By JOSEPH DE AVILA
Connecticut is weighing whether to join a growing number of states that have required universities to adopt policies for sexual interactions known as affirmative-consent.
A proposal before state legislators would create a so-called “yes-means-yes” standard that would be used when investigating sexual-assault complaints.
The push comes as an alleged sexual-misconduct case has shaken up Yale University, in New Haven, with the captain of the men’s basketball team expelled after a campus committee ruled he had violated the school’s policies on sexual conduct.
There is no state law in Connecticut that defines consent in a college setting, said state Sen. Mae Flexer, a Democrat, and co-sponsor of the legislation. “I think this is important so that every college student in Connecticut has the same expectation for safety,” she said.
New York passed an affirmative-consent law in 2015. California and Illinois also have similar laws.
A similar bill passed Connecticut’s state Senate last year 34-1 with bipartisan support. The state House of Representatives never called the bill for a vote. This year’s version passed the Legislature’s Higher Education and Employment Advancement Committee on March 3 by a 14-3 vote.
Republican state Rep. Tim LeGeyt voted against the bill in the committee because, he said, the definition of affirmative consent was too vague and should be refined. “I just think it’s fraught with potential misunderstanding,” Mr. LeGeyt said. “These kinds of misunderstanding could cost someone their college career.”
The affirmative-consent policy would define consent as “an active, clear and voluntary agreement by a person to engage in sexual activity with another person that is sustained throughout the sexual activity and may be revoked at any time by any such person.”
Supporters of the proposed law say it would give victims more safeguards compared with a so-called no-means-no standard.
“That is a completely inappropriate cultural standard,” said Carolyn Treiss, executive director of the Permanent Commission on the Status of Women, a state commission. “We should be operating under a presumption that no one has a right to anyone else’s body unless that person says yes.”
Helen Price, a sophomore at Yale and co-founder of Unite Against Sexual Assault Yale, said setting a statewide standard for all schools would be a positive change. “It’s promoting communication between partners, that people will participate in not only sexual encounters but will be enthusiastic and engaged,” she said.
At Yale, senior and basketball player Jack Montague was expelled in February for alleged sexual misconduct with a woman who is now a junior at the university. Mr. Montague’s attorney this week called the expulsion wrong. Yale has said it doesn’t comment on specific cases of student discipline.
Most Connecticut colleges and universities already have some form of an affirmative-consent policy. The University of Connecticut defines consent as an “understandable exchange of affirmative words or actions indicating willingness to participate in mutually agreed upon sexual activity.”
Wesleyan University defines it as “when all parties agree to engage in sexual activity.” Yale defines it as a “positive, unambiguous, and voluntary agreement to engage in specific sexual activity throughout a sexual encounter.”
UConn implemented its affirmative-consent policy in 2002, said Elizabeth Conklin, Title IX coordinator for UConn. All incoming undergraduate students receive in- person training to discuss the school’s affirmative consent policy during the summer before they begin their first year, she said. There are follow-up training sessions as well. Ms. Conklin said it seems that UConn’s current policies would comply with the proposed affirmative-consent law if it passed.
Critics say the proposed affirmative-consent law would violate the constitutional rights to the presumption of innocence for the person being accused of sexual assault.
“You are trampling on the rights of the defendants in this situation,” said Cynara Stites, a retired University of Connecticut clinical-social worker.
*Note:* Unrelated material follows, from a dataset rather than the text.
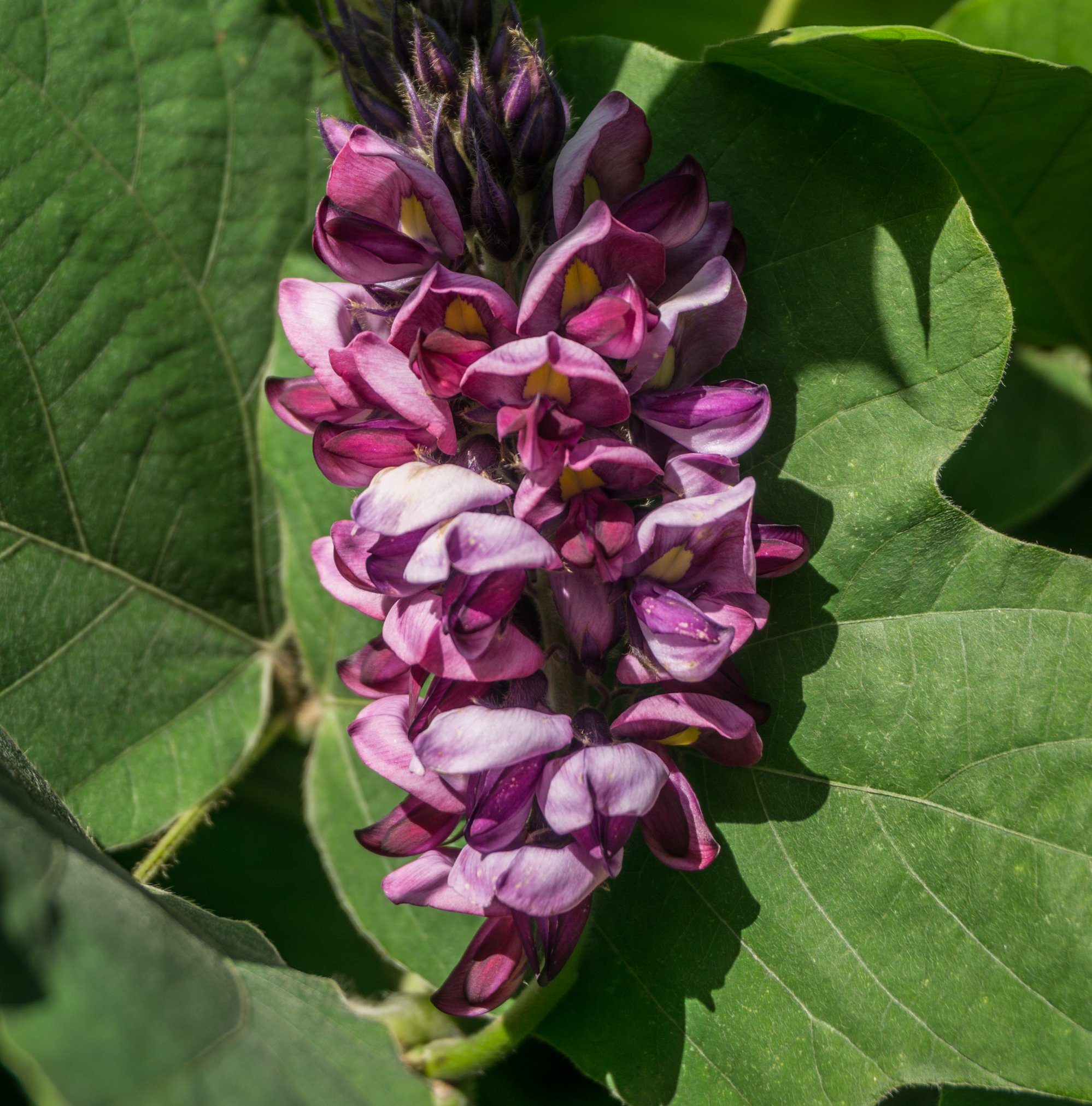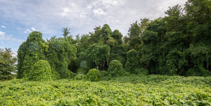 Kudzu (Pueraria lobata) ist eine mehrjährige Kletterliane mit dreilappigen Blättern aus der Familie der Hülsenfrüchtler (Fabaceae), ist in Südostasien beheimatet und zeichnet sich durch ein extrem schnelles Wachstum aus: bis zu 26 cm pro Tag und 20 m pro Jahr! Kudzu bildet ein vernetztes System von vertikalen und horizontalen Lianen. Aus den Wurzelknoten der horizontalen Lianen können sich unterirdische Knollen entwickeln, die einen Vorrat an Nährstoffen und Wasser bilden und beachtliche Volumina und Gewichte von bis zu 180 kg erreichen. Die Knoten können sich von der Mutterpflanze abtrennen und neue autonome Individuen entwickeln (generative Reproduktion ähnlich wie bei Erdbeeren). Bei vertikalem Wachstum und direkter Sonneneinstrahlung bildet Kudzu violette Blüten in Büscheln, aus denen sich dunkelbraune Schoten mit je 3–10 Samen entwickeln (reife Samen sind durch ihre dunklere Farbe von unreifen zu unterscheiden). Aufgrund der hohen Keimungsrate der Samen von etwa 75% und der Fähigkeit, mehrere Jahre zu überleben, ist die Bildung einer Samenbank im Boden sehr wahrscheinlich.

She counseled students who had been sexually assaulted on campus, she said.
William O’Sullivan, an attorney from Rocky Hill, Conn., said the state standard used by campuses to determine whether a sexual assault occurred is also problematic.
For handling sexual-assault investigations, Connecticut law requires schools to use the standard of preponderance of the evidence, which is used in most civil cases. That means schools must determine whether the evidence suggests that it is more likely than not that an assault occurred. That differs from criminal court where the standard is beyond a reasonable doubt.
Mr. O’Sullivan said using that standard in such cases violates the student’s due-process rights.
Supporters of the legislation cite the U.S. Department of Education’s Office for Civil Rights, which requires using the standard of preponderance of the evidence for sexual-assault investigations for colleges and universities.
Advocates also say that under the proposed affirmative-consent law, it would still be the burden of the university or college to prove whether it was more likely than not that an assault occurred, and the burden wouldn’t be on those who are accused to prove their innocence.
The new policy would build on a 2014 law that required schools to adopt and disclose their sexual assault policies and to give annual sexual-assault awareness campaigns.
—Zolan Kanno-Youngs contributed to this article.